Are you going to choose from among Groundwork, Zenoss, Hyperic or any other project based on their contributions to the movement, or do their contributions to your own bottom line matter exclusively?
Written by Dana Blankenhorn, Inactive

Groundwork is trumpeting a Gartner report which describes a growing chorus of grumbles concerning the "big four" of IT management -- HP OpenView, IBM Tivoli, CA Unicenter and BMC Patrol.

But in discussing the report with ZDNet Tony Barbagallo, vice president of product management and marketing (left), acknowledged that the "big bang" in this space has not yet occurred.

"Linux didn’t take off until IBM recognized it and started using it," he said. Someone needs to commit to the process before things really change.

All of which brings me back to William Hurley (right), late of Qlusters, now at BMC and blogging. His first entry seeks to find a middle ground between proprietary and free, which he calls Opensville.
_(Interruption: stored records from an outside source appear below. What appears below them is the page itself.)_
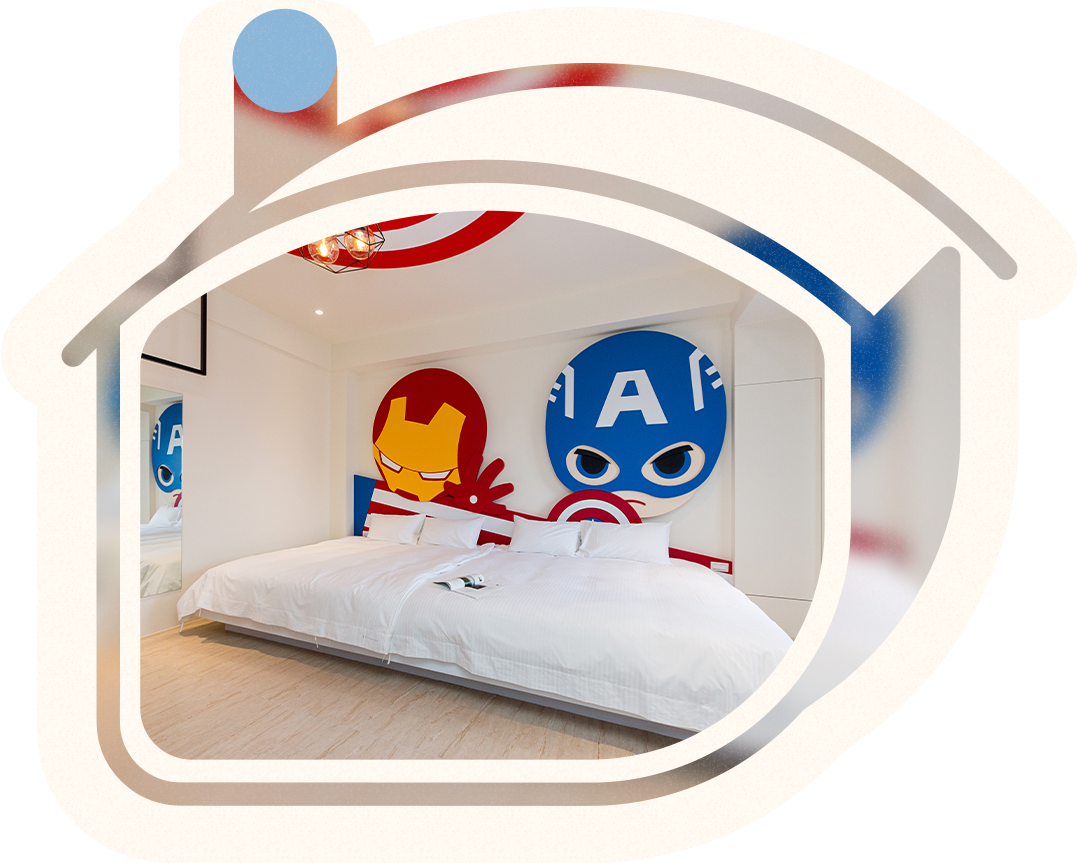 童宅的用心不僅是在娛樂設備,更是在每間客房創造出不一樣的主題,讓大朋友小朋友入住時都充滿著歡喜期待的心情度過美好的假期。
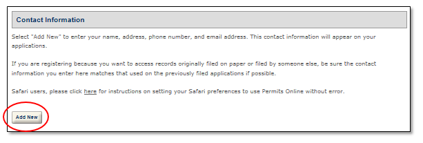 Contact Information: Click "Add New" to enter your contact information
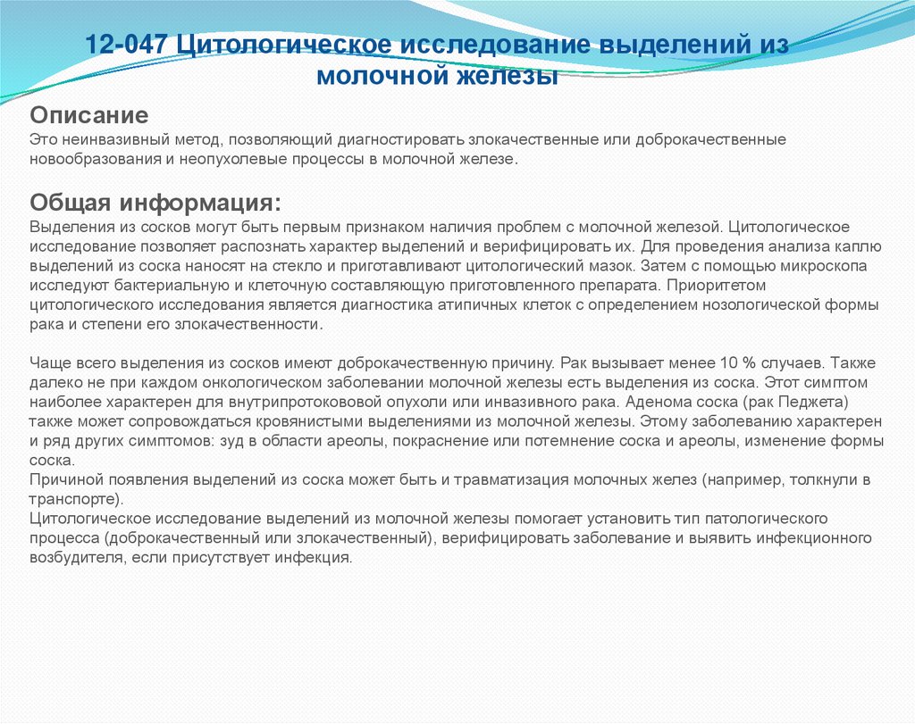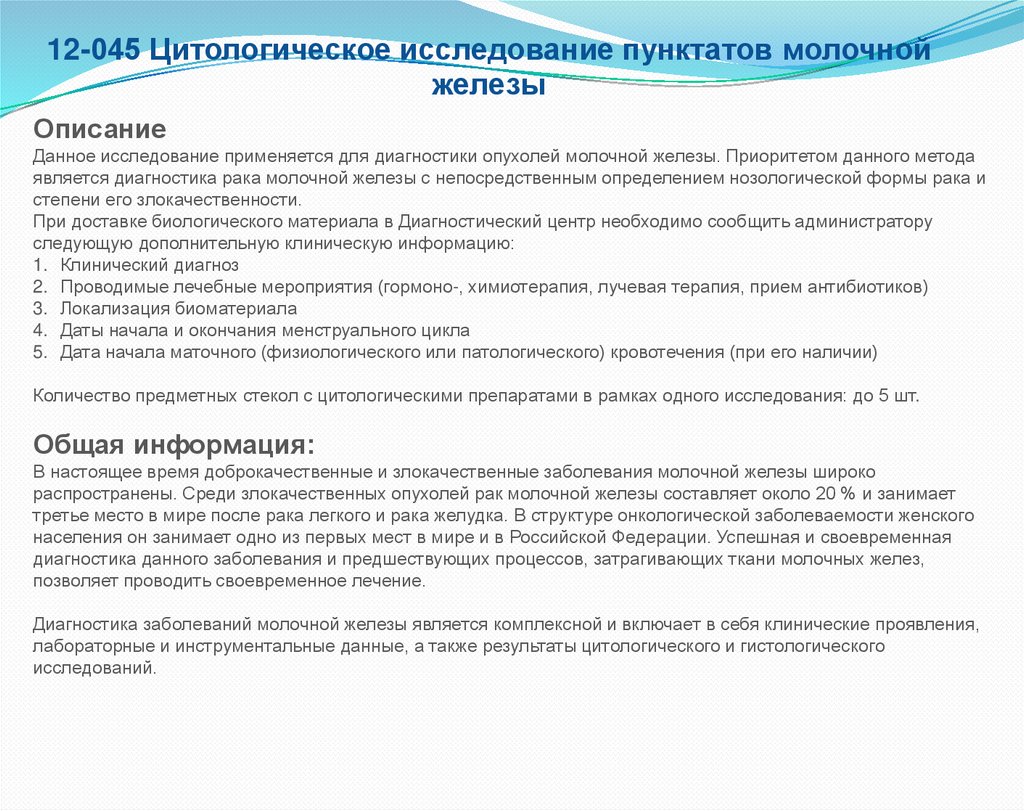 12-045 Цитологическое исследование пунктатов молочнойжелезы

Opensville is a utopia.  Everyone who lives in the adjacent cities spends their free time in Opensville.  The parks are beautiful, the shopping is amazing, and the nights are pure Vegas. Sounds like a great place, huh? One problem: no one actually wants to live there.  No one wants to pay the taxes or put in the effort it takes to keep the city running.  Welcome to Opensville, population zero.

The Gartner report says 55% of the big customers surveyed would consider moving to an open source solution. But thinking isn't doing.

The problem, as WHurley notes, is credit. He suggests a "mooch-o-meter" to measure the real commitment of companies like Groundwork to the open source ideal.

But does this matter to customers? Are you going to choose from among Groundwork, Zenoss, Hyperic or any other project based on their contributions to the movement, or do their contributions to your own bottom line matter exclusively?

Until you're willing to consider the former, I doubt you'll get much help from open source on the latter.